SM21A-2502
Ion Cyclotron Whistlers Observed by the Van Allen Probe A

Tuesday, 15 December 2015
Poster Hall (Moscone South)
Shoya Matsuda, Kanazawa University, Kanazawa, Japan, Yoshiya Kasahara, Kanazawa University, Kanazawa Ishikawa, Japan and Craig Kletzing, University of Iowa, Iowa City, IA, United States
Abstract:
Ion cyclotron whistlers are electromagnetic ion cyclotron (EMIC) wave generated by mode conversion from R-mode lightning whistler waves. Their propagation processes strongly depend on the dispersion relationship of EMIC. In our previous study, we statistically studied ion cyclotron whistlers observed by the Akebono satellite around L=2–4. We found that various species of cold ions (e.g. H+, M/Q=2 ion, He+, M/Q=8 ion, O+, and heavier ion than O+) affect to the generation and propagation processes of ion cyclotron whistlers. We examined spatial distributions of such cold ions by analyzing observed ion cyclotron whistlers.

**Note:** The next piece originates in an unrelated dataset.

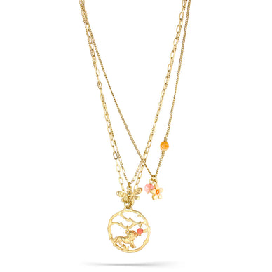 Gold-Tone Metal Lion Flower And Bee Charms Layered Necklace
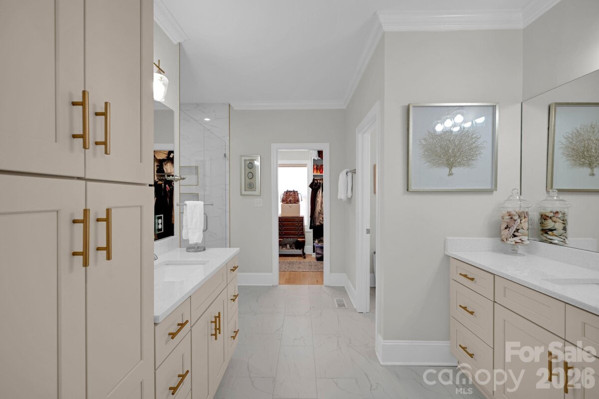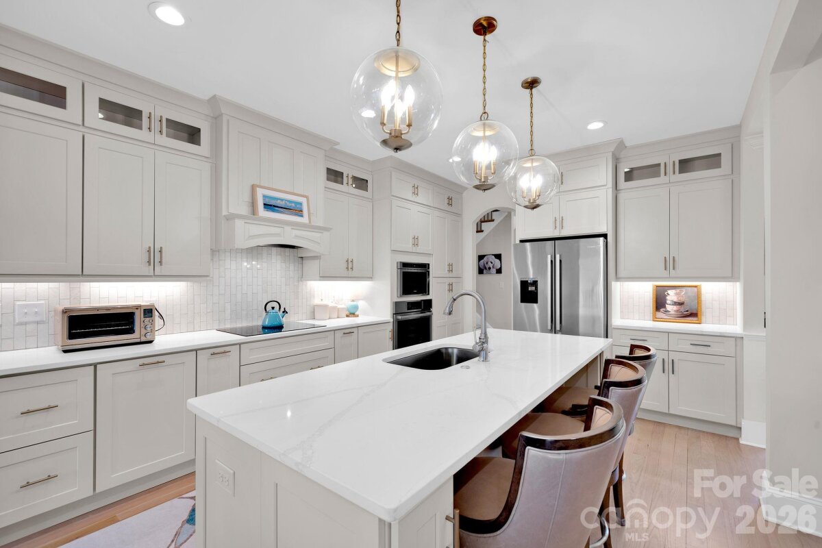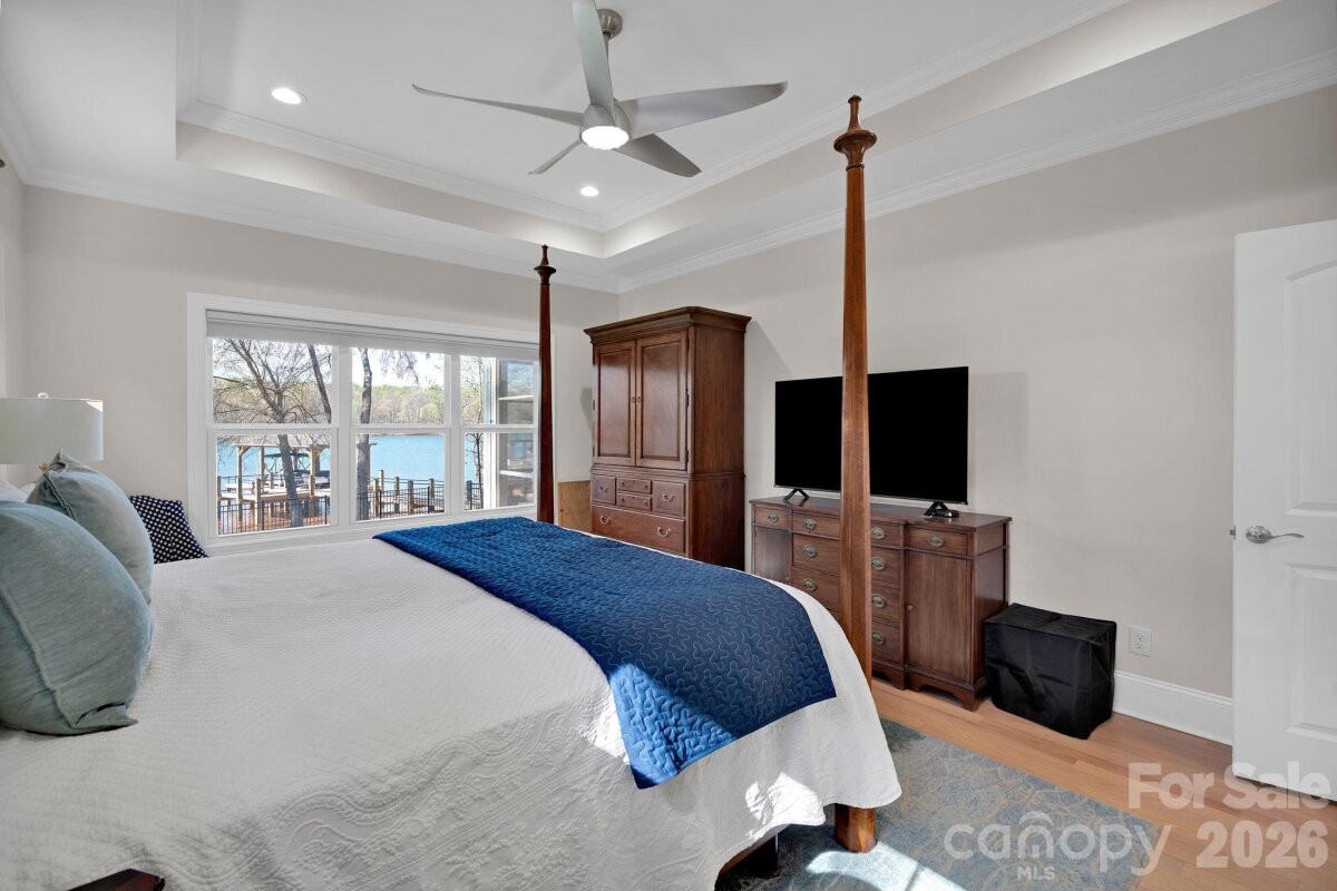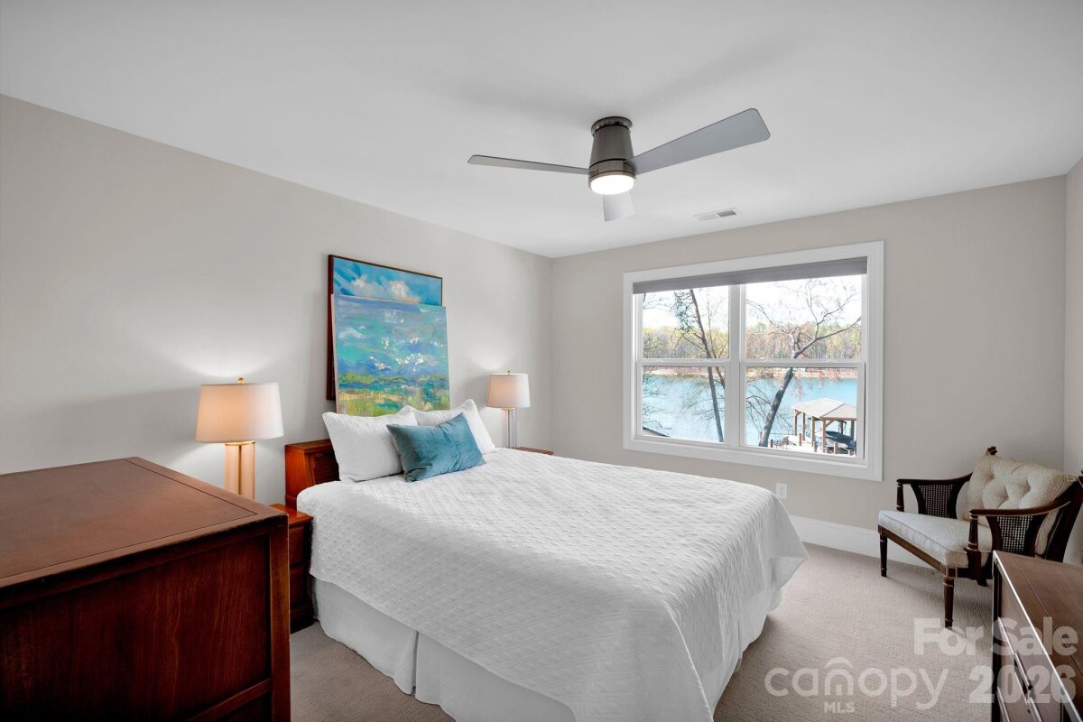 Stunning 4 bedroom, 3 bathroom, 1.5 story waterfront home on Lake Norman! Custom built in 2022, this beautifully designed home sits on a flat lot with expansive cove views and a peaceful natural forest backdrop. Enjoy the ultimate lake lifestyle with a covered dock featuring Trex decking and a 10,000-lb boat lift, plus a white sandy beach and recently dredged dock area (2024) for improved water access. Designed for year-round enjoyment, the home features a heated and cooled EzeBreeze 365-day room, perfect for relaxing while overlooking the water. Inside, the home showcases white-washed oak hardwood floors throughout the main level, high ceilings, and a striking coffered ceiling in the great room. Elegant details include crown molding, full-height cabinetry, wainscoting accents, custom built-ins, and abundant natural light from large casement and picture windows. The chef’s kitchen blends style and function with quartz countertops, a large island, marble backsplash, Bosch appliances, and custom off-white cabinetry extending to the ceiling, along with a walk-in pantry with custom shelving. The primary suite and bathrooms feature luxury finishes including a custom glass shower enclosure with Ferguson fixtures, a multi-jet spray system, decorative marble accents, and custom closet systems. A convenient drop zone is located just off the oversized 3-car garage for busy lives. Upstairs, you'll find a large bonus room and 2 additional bedrooms and a full bathroom. Located on the desirable southern side of Denver, this home offers convenient access to highways, shopping, and restaurants. No HOA means short-term rentals may be an option, and with county water and sewer already connected, there may be room to add a pool. An exceptional opportunity to enjoy modern luxury and the best of Lake Norman waterfront living!

In this study, we examine a spatial occurrence distribution and characteristic frequency variation of ion cyclotron whistlers observed by the EMFISIS instrument onboard the Van Allen Probe A. The EMFISIS instrument measures waveforms of full components of electric and magnetic fields. We analyzed the waveform data obtained by the EMFISIS-WFR during 16 months, and detected over 3000 H+ band ion cyclotron whistlers at L inside 2. We found that the normalized crossover frequencies of observed ion cyclotron whistlers are relatively high near the Earth (ω/ΩH+≈0.8 around 600 km altitude) and they decrease with altitude. Under the simple cold plasma approximation, crossover frequency of H+ band EMIC strongly depends on the local heavy ion composition. This result seems to reflect realistic heavy ion density gradient around the Earth. Furthermore, above approximately 1500 km altitude, we found that the normalized frequencies of observed events were almost stable just above 0.5. We calculated relationship between the crossover frequency of H+ band EMIC waves and heavy ion composition, and confirmed that we can explain our observation results when we consider the existence of M/Q=2 ion band in a dispersion relationship of EMIC waves.